Она повернулась, чтобы поблагодарить старика. Он уставился на нее:
– Анастасия Лоуренс?
– Вы хотите сказать, мы знакомы?
– Пожалуй, нет.
– Тогда вы, наверное, знаете…
– …что вы скрываетесь. Не могу вас винить. Я бы точно так и поступил. Мы никому не скажем, правда, Мидж?
– Ни словечка, – согласилась она.
– Нам действительно нужно идти, – сказал Саймон.
– Скрываемся? – переспросила Анастасия.
– Вы не против, если мы сфотографируемся? Встань в кадр, Мидж. – Он подтолкнул Мидж. Саймон дернул Анастасию. Сработала вспышка. Когда глаза Стэси вновь начали различать свет, они с Саймоном уже были снаружи, в первом попавшемся такси.
Водитель спросил Саймона, куда им надо ехать. Он спросил по-итальянски.
– Я никуда не хочу, – сказала Анастасия мужу по-английски. – Я хочу знать, как эта милая пара…
– Катакомбы, – бросил он и добавил: – Pronto! – чтобы сойти за местного.

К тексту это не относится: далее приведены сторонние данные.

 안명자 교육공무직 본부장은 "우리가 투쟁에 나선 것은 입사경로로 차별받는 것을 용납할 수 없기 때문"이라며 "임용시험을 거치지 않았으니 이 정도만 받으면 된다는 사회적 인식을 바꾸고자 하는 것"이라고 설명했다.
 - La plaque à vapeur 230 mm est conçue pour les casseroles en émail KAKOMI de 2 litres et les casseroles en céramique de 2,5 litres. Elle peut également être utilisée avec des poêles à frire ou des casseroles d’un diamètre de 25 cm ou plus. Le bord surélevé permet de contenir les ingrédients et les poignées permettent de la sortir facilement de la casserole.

Повернулся к жене: – Ты теперь автор, издаешься. Иногда люди будут тебя узнавать. Им может быть что-нибудь от тебя надо.
– Мы скрываемся?
– У нас медовый месяц.
– Вот и я так думала.
– В Риме скрыться невозможно.
– Все равно, мне кажется, странно, что эта пара…

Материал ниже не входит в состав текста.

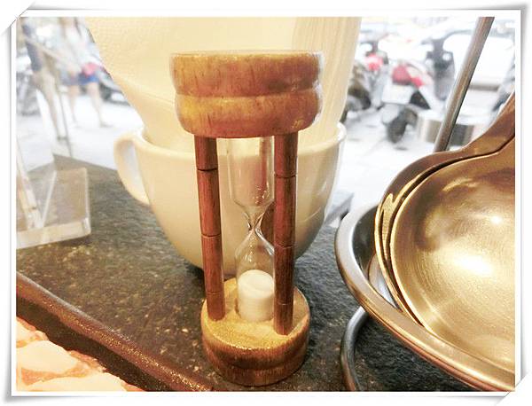 一旁的沙漏就是三分鐘,看著沙漏漏完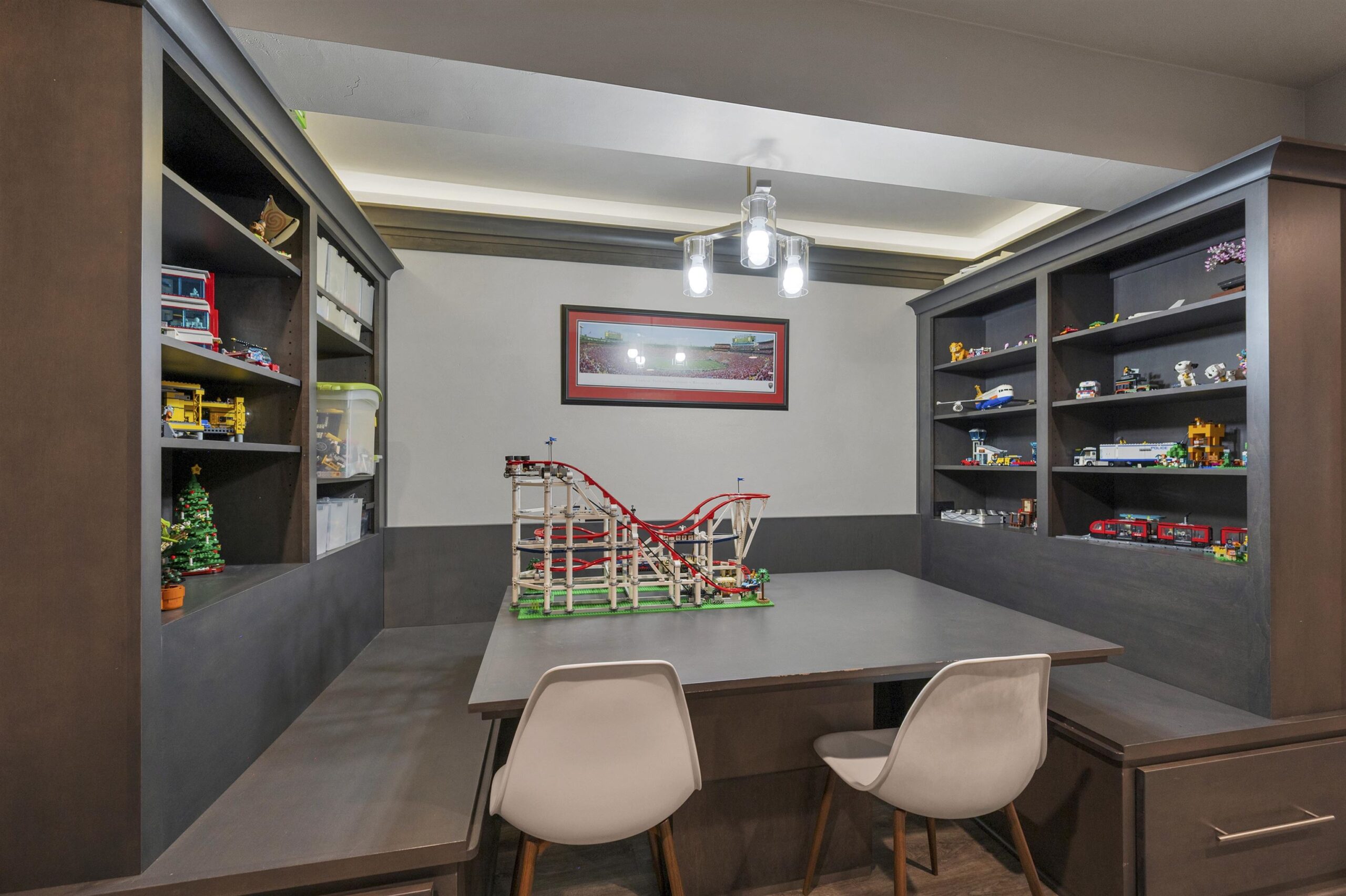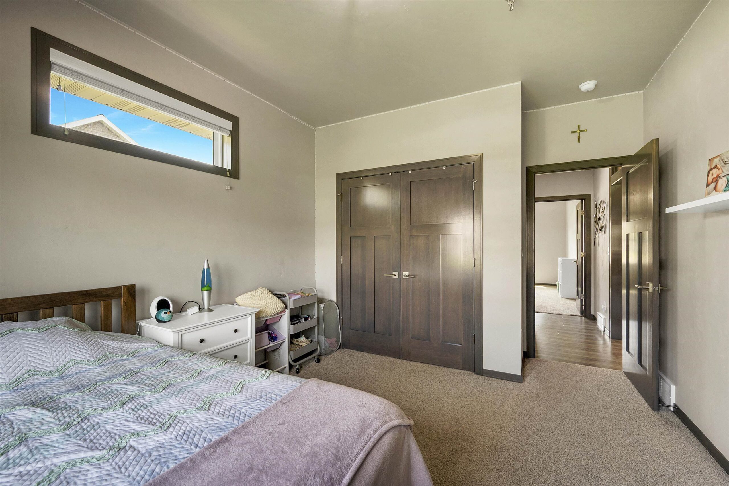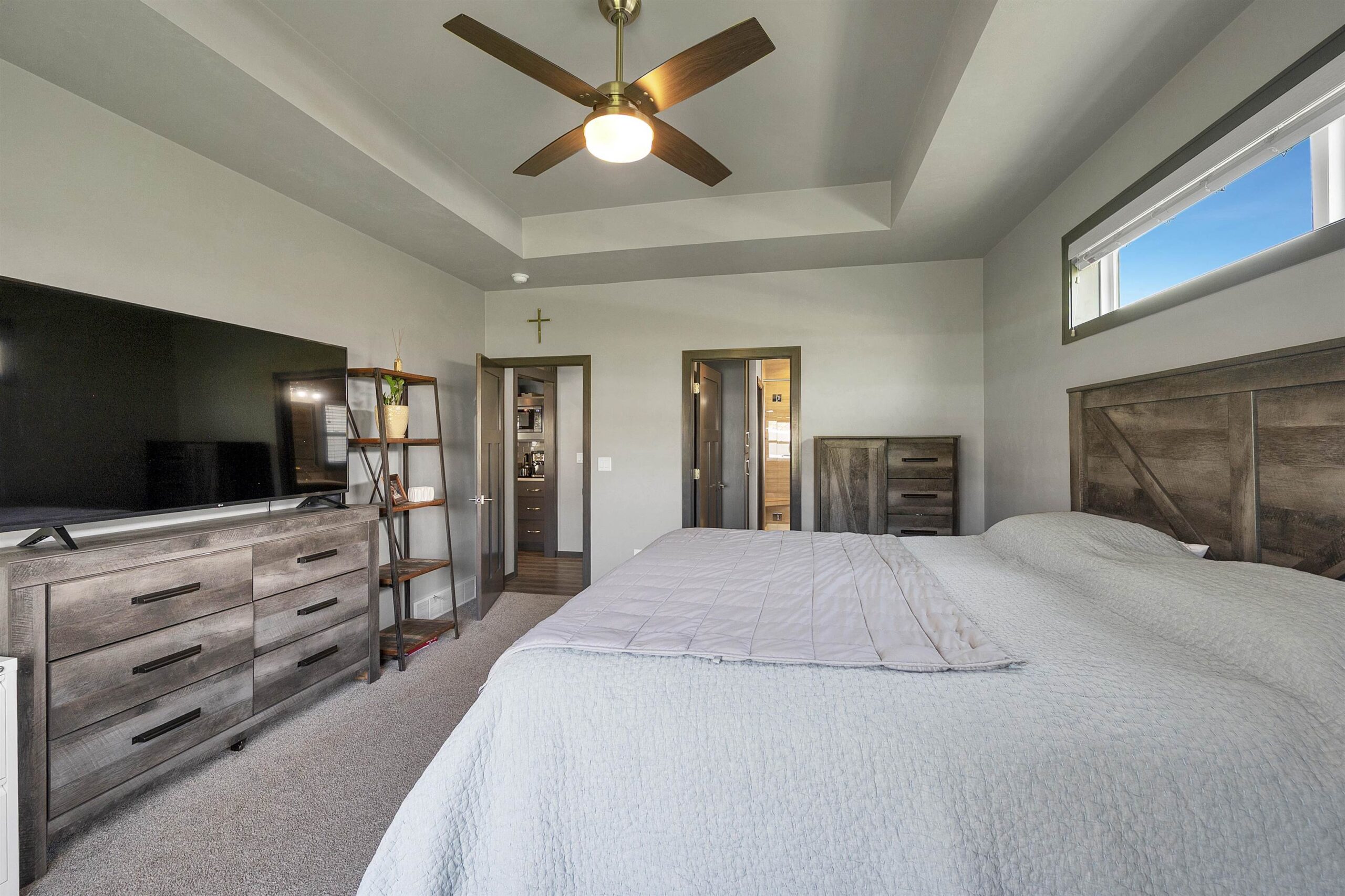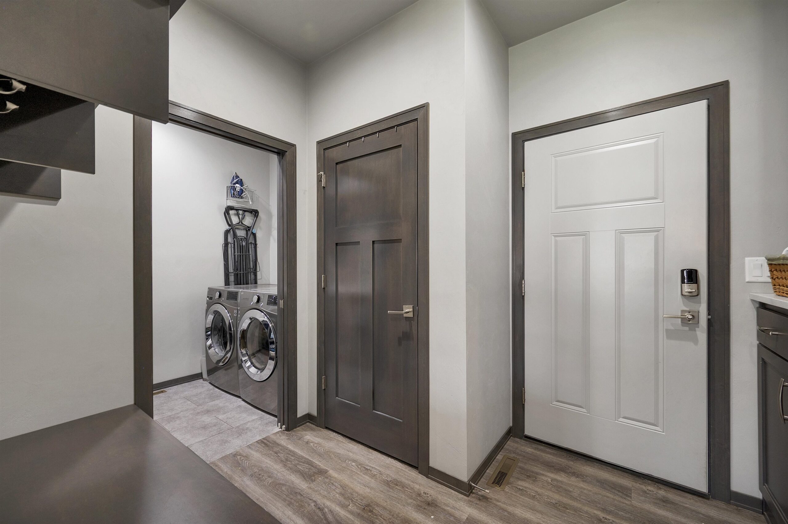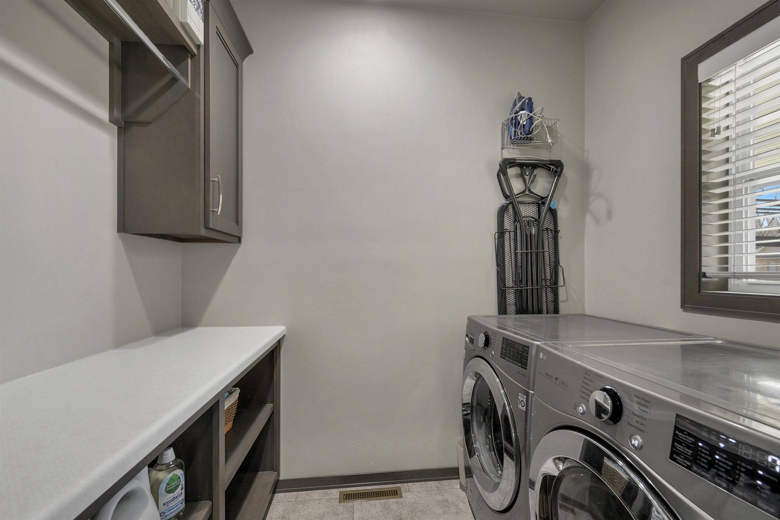 washer, dryer, refrigerator, stove, microwave, ceiling-attached storage in garage, Murphy bed and wardrobe in lower bed, blinds, security cameras

– Не у всех стабильная психика.
– По-моему, они милые.
– Иногда внешность обманчива.
– Может, зря я опубликовала «Как пали сильные». Это могло остаться только между нами. Писателей же и так хватает.

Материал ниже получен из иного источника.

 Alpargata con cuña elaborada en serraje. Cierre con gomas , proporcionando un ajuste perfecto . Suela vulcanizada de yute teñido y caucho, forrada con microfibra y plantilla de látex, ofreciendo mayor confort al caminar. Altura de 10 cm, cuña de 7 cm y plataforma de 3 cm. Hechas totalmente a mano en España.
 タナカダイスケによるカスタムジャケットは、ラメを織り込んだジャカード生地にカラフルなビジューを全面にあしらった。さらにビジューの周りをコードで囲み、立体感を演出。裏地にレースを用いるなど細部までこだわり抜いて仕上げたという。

– Это между нами. Посвящение.
– Саймону, что угодно, – процитировала она слова, на которые опирались все ее авторские притязания. – Думаю, я имела в виду Саймону, всё.
– Это будет посвящение для твоего нового романа.
– А если мне нечего сказать, Саймон? – Она положила голову ему на плечо и взяла за руку, когда такси затряслось на Аппиевой дороге.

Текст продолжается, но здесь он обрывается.